Оливер застонал про себя. Оливер, который, будучи посвященным в самые ужасные планы короля, кажется, должен был бы уже научиться ничему не удивляться, однако он не мог вынести мысли, что несчастная маленькая калека Жанна будет подвергнута такому унижению.
— Но, сир, — попробовал возражать он, — если даже Орлеанец согласится взять ее (в чем я сомневаюсь), вам-то какой от этого прок? Я, конечно, понимаю, — поспешно добавил он, — что, если у Людовика не будет детей, Орлеан перейдет во владение короны…
— А он их с Жанной иметь и не будет, в этом я уверен.
— Но все равно ждать еще так долго. Стоит ли затевать все это?
Король поднялся с кресла и отпихнул его в сторону. Он по-прежнему был в хорошем настроении и предвкушал изумление Оливера, когда раскроет ему хитроумный замысел.
— Ты не видишь во всем этом проку? — спросил он. — Конечно, не видишь. Ведь ты всего лишь брадобрей! Я вспоминаю, как хорошо, нежно ты намыливал мое лицо. Помоги же мне убрать щетину с моего коварного плана, чтобы ни один волосок не торчал. Если ты еще не понял сути, пеняй на себя, — король тихо рассмеялся. — Вот, например, ты не можешь одновременно побрить двух людей, не правда ли? А я могу.
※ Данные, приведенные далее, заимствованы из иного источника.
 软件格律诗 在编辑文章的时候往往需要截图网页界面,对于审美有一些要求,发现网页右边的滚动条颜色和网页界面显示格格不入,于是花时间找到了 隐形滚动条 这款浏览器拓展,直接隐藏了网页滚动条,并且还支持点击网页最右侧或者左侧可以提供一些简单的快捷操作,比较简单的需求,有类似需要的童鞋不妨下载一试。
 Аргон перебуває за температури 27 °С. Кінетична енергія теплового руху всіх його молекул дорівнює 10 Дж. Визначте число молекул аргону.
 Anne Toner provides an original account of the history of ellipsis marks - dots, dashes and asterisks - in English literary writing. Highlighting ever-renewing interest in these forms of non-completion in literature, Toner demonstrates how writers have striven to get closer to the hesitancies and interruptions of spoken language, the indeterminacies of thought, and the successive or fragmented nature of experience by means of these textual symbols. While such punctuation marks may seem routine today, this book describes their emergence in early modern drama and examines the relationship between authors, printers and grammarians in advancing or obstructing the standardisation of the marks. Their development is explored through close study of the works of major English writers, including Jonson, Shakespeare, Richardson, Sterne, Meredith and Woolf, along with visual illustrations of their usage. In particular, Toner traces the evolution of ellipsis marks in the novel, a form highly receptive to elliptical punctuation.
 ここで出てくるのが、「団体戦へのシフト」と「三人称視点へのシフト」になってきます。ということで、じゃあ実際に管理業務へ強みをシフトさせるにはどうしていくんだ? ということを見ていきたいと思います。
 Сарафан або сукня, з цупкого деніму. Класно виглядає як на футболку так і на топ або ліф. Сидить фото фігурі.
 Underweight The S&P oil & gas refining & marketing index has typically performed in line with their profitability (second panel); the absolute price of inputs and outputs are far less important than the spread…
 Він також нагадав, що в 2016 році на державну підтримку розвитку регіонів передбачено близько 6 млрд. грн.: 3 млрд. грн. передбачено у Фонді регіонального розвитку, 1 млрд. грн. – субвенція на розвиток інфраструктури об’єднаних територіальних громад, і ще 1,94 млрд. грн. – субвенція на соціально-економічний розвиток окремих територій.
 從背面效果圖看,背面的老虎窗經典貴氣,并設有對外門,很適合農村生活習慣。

И это умение дает мне право присвоить себе титул Король-Брадобрей!
Он слегка посерьезнел и приготовился к объяснениям:
— Ты помнишь тот день в июне, когда в Блуа крестили этого бастарда?
Оливер кивнул. Даже его коленки помнили этот день.
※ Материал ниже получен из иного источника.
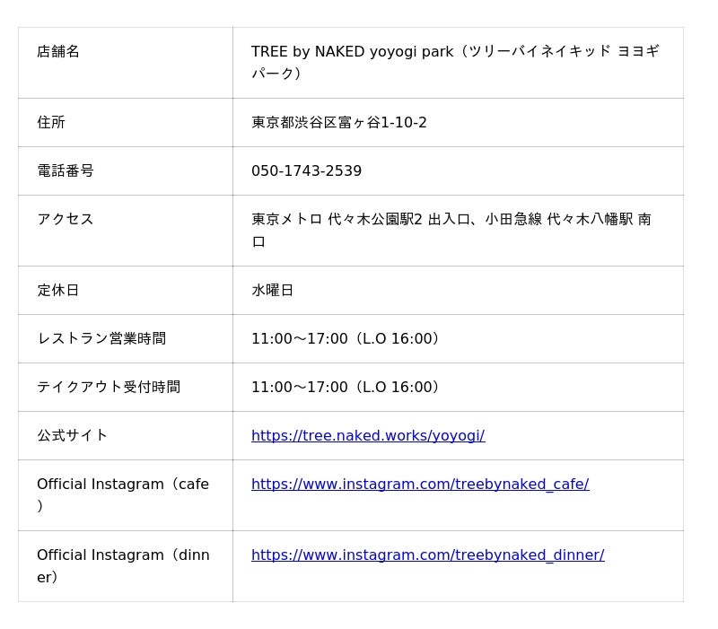 『TREE by NAKED yoyogi park』店舗情報
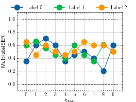 >>> # Example plotting multiple values >>> import torch >>> from torchmetrics.classification import MultilabelEER >>> metric = MultilabelEER(num_labels=3) >>> values = [ ] >>> for _ in range(10): ... values.append(metric(torch.rand(20,3), torch.randint(2, (20,3)))) >>> fig_, ax_ = metric.plot(values)
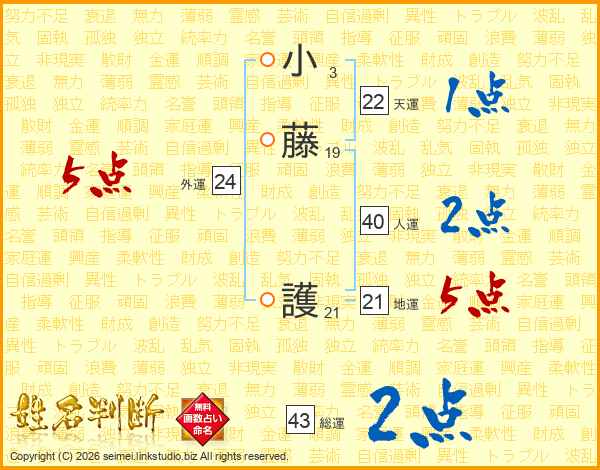 小藤護さんの地運は21画の5点!

— Ты помнишь, как я обещал отдать ему в жены свою дочь? Раз у меня нет сына, так пусть хоть дочь моя станет королевой Франции? Так вот, теперь у меня есть сын, и королем будет он… когда я умру, а это не за горами…
Оливер перекрестился и поспешил заверить:
— Вам еще жить и жить. Много лет.
— Прибереги свою пену, Оливер, для тех, кто не способен сквозь нее ничего разглядеть. Когда я умру, будет назначен регент, до тех пор, пока Карл не достигнет совершеннолетия. И вот я спрашиваю тебя, мой жирный брадобрей, кто будет этим регентом по закону и согласно обычаям?
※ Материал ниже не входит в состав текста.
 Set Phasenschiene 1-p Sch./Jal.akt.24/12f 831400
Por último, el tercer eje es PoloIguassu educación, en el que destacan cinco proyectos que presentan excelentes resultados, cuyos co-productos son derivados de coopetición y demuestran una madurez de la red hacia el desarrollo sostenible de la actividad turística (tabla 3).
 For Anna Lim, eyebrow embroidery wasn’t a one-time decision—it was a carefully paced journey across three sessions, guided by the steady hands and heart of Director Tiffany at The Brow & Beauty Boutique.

— Королева-мать и предполагаемый наследник, — мрачно ответил Оливер. Этот беспардонный допрос унижал его.
— Да, ты прав. Значит, моя милая супруга Шарлотта и…?
— Людовик Орлеанский, — быстро ответил Оливер, в глазах его появился живой интерес.
— Да, регентом будет Людовик Орлеанский. Шарлотта не в счет, она полный ноль. Ну, а если Людовик будет женат на моей дочери, представляешь, какое это будет могучее регентство? Сам Людовик, да еще популярность Орлеана, да еще характер Анны, причем оба они королевской крови. Они спихнут моего сына с трона с такой же легкостью, с какой нянька сейчас берет из его ручек погремушку. Допустить такое сильное регентство было бы с моей стороны просто преступлением.
Оливер задумчиво кивнул. Да, опасность здесь была, и немалая. Если Людовик, будучи регентом, захочет взойти на трон, он это сделает. В этом сомнений нет. Но, разумеется, все это пока в далеком будущем. И он пробормотал умиротворенно:
— Господь не допустит этого. Он приведет вашего сына на трон.